Most of the language around AI and creativity right now treats the machine as a tool — something a human directs, prompts, or corrects. Sougwen Chung, a Chinese-Canadian artist and researcher, has spent close to a decade arguing for a different word: collaboration, chosen specifically because it implies mutual exchange and what she calls “relational risk” — something neither party fully controls.
Watch: Sougwen Chung — Why I Draw With Robots (TED) (YouTube)
The work behind the argument
Chung’s primary body of work, the D.O.U.G. (Drawing Operations Unit: Generation) series, spans multiple generations of a bespoke drawing system she works alongside rather than through. The series has been presented at the Victoria and Albert Museum — where a piece entered the museum’s permanent collection — the National Art Center in Tokyo, and the World Economic Forum in Davos.
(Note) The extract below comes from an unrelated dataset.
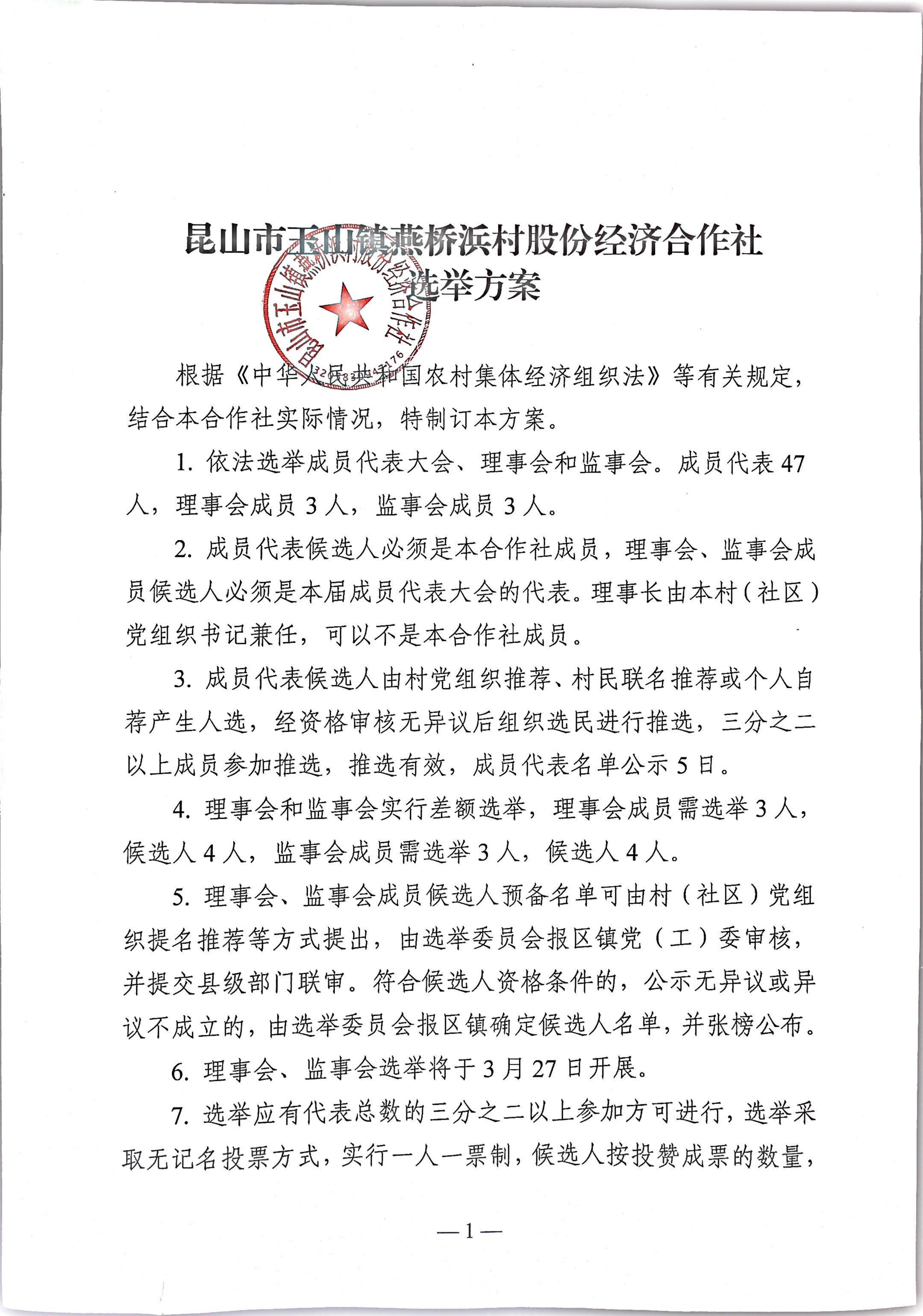 燕桥浜村股份经济合作社换届选举选前工作大会结果公示(选举委员会名单、选举方案)

Her newest piece, Recursion 3, is a 10-meter scroll built from her own brainwave data, being completed live at Art Basel Hong Kong’s Zero 10 sector this year.
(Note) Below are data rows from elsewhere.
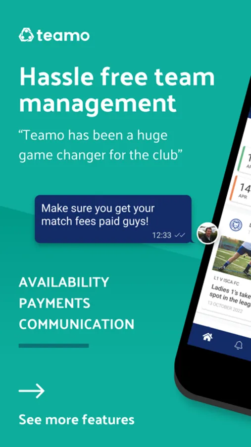 Teamo is suitable for everyone from 5-a-side social teams to large clubs with 2000+ members. Get started with Teamo today for FREE in minutes, and access the app’s full functionality anytime, anywhere.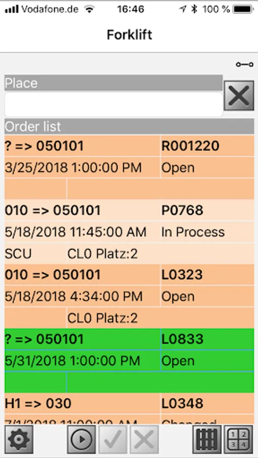 Warehouse management module for the forklift. A communication platform between the forklift driver and the operations employee. The Forklift driver receives internal transportation information of goods. The transportation orders can be released manually through the stock info of the central system and through the forklift driver on the terminal or handheld. Or automatically at the measuring line and the grading line.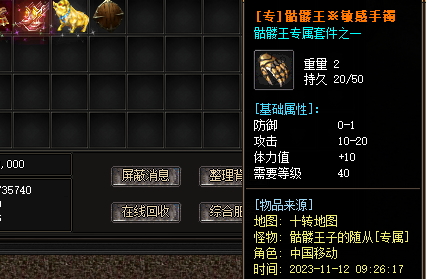 以上两种装备是幽冥至尊怪物的爆率,在爆率上总体来说偏高,而这个幽冥至尊怪物主要刷新在十转地图里面,玩家需要十次转生才能进入。

Why “I’ve had to become machine-readable” is the actual thesis
Chung has described the core tension of her practice bluntly: to collaborate with these systems, she’s had to make her own creative process legible to a machine — translating gesture, intention, and style into something a system can respond to. She frames this as an existential tension core to contemporary life generally, not just her own studio practice: the machine doesn’t just extend what she can do, it reflects her own choices and biases back at her, which is a very different relationship than treating a generative model as a faster paintbrush.
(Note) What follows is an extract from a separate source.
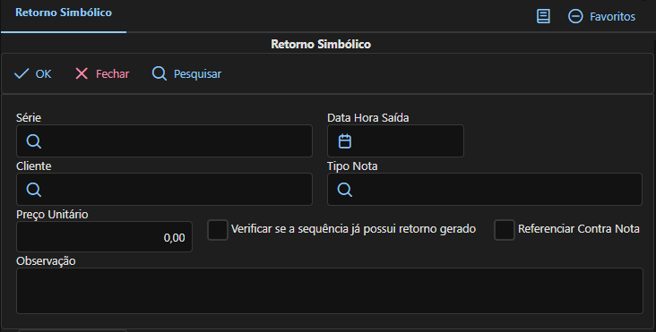 Preço Unitário: Preço unitário que será aplicado ao item na geração do retorno simbólico.

Why this framing matters right now
As generative AI tools get folded into nearly every creative discipline this year — video editing, music production, 3D modeling, shader authoring — most of the marketing language around them defaults to “assistant” or “co-pilot,” framing that quietly implies the human stays fully in control and the machine simply executes. Chung’s decade-long insistence on “collaboration” and “relational risk” is a useful corrective to have in mind: her work argues that the more interesting and more honest version of human-machine creative work involves the machine genuinely changing what gets made, not just accelerating a plan the human already had.